Friday, March 27, 2009

Brought up Catholic in the 50s and 60s

I never had any issues with God, it was his people that bothered me. I grew up in the old Catholic church with all the High Mass, Latin, incense, robes, stain glass windows, big organs and the works. As a young kid it was all so distant, so big, and so cold. God was cruel to non-Catholics, punishing them to eternal torment and flames. God was also hard on Catholics, dooming even the best of us to a certain burning in purgatory for hundreds or even thousands of years of purging away sin. God was distant, without humor, and without mercy. God was not to be messed with in any way, shape or form.
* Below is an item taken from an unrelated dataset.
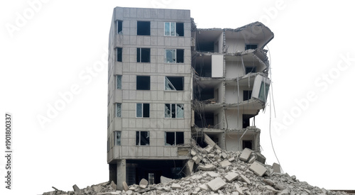 Damaged building with rubble and debris destruction isolated on a transparent background
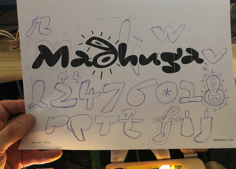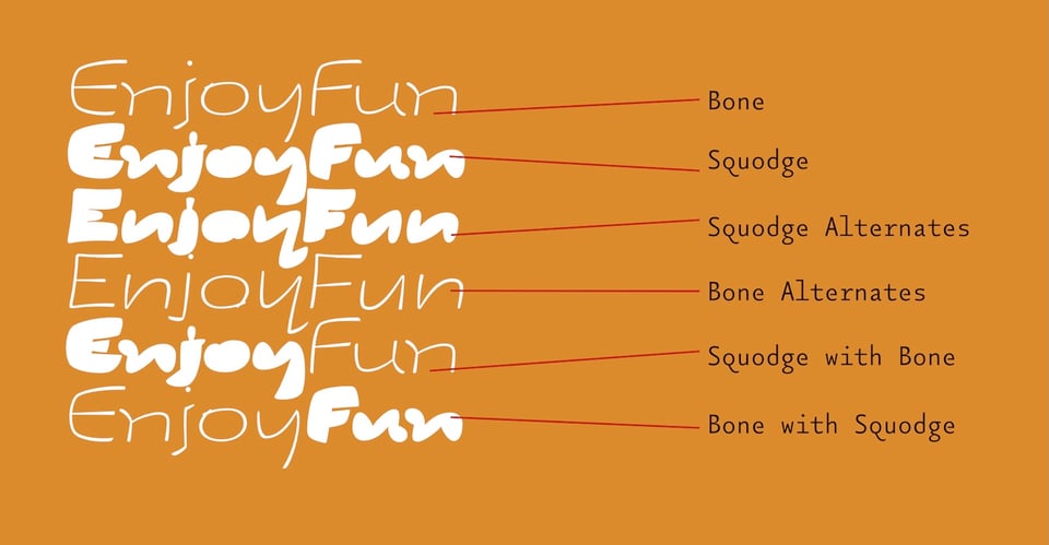 Now then: I have finally got off my arse* and am sending out the first Shapes for Cash Newsletter (something that I think we can all agree is a very special thing indeed). The reason for this sudden lapse into communicative mode is to announce the release of two lovely new typefaces, that will be the foundation for some others to come shortly ¶ These typefaces are called Squodge and Bone, and they form the core of an unorthodox family of designs named EnjoyFun (occasionally these words will be suffixed with ® and ™ symbols for, well, fun) ¶ Things started with a few sketches of what became the heavier of the two (Squodge), here are a couple of them:

My 3rd grade teacher (a nun) told the story of one saint who had a vision of hell. Demons were in hell as were little children. The demons each had 2 large searing irons. With an iron in each hand every demon took children, placed their heads between the irons and squeezed. The Saint who had the vision heard screams from the children who were doomed for this torment for all eternity.

I feared hell and I feared purgatory. I thought that the best thing I could do is to die right after Confession so that I might have no sin and thus immediately go to heaven for all eternity, for Confession did take away all sins. But within minutes after Confession my thoughts and actions led me right down the path of sin again and again, so I was doomed unless by some miracle I was able to be run over by a car seconds after I walked out of the Confessional booth.

The road to sin was easy, it was fun, it was the only road I knew or wanted and that terrified me. The road of Sainthood was repelling. Once again my 3rd grade teacher told us how a young virgin Saint secretly wore a crown of real thorns and cut herself regularly in order to properly despise the flesh. Today such a woman would be taken to a counselor for evaluation. Back in this toubled girl's life, she was considered a Saint.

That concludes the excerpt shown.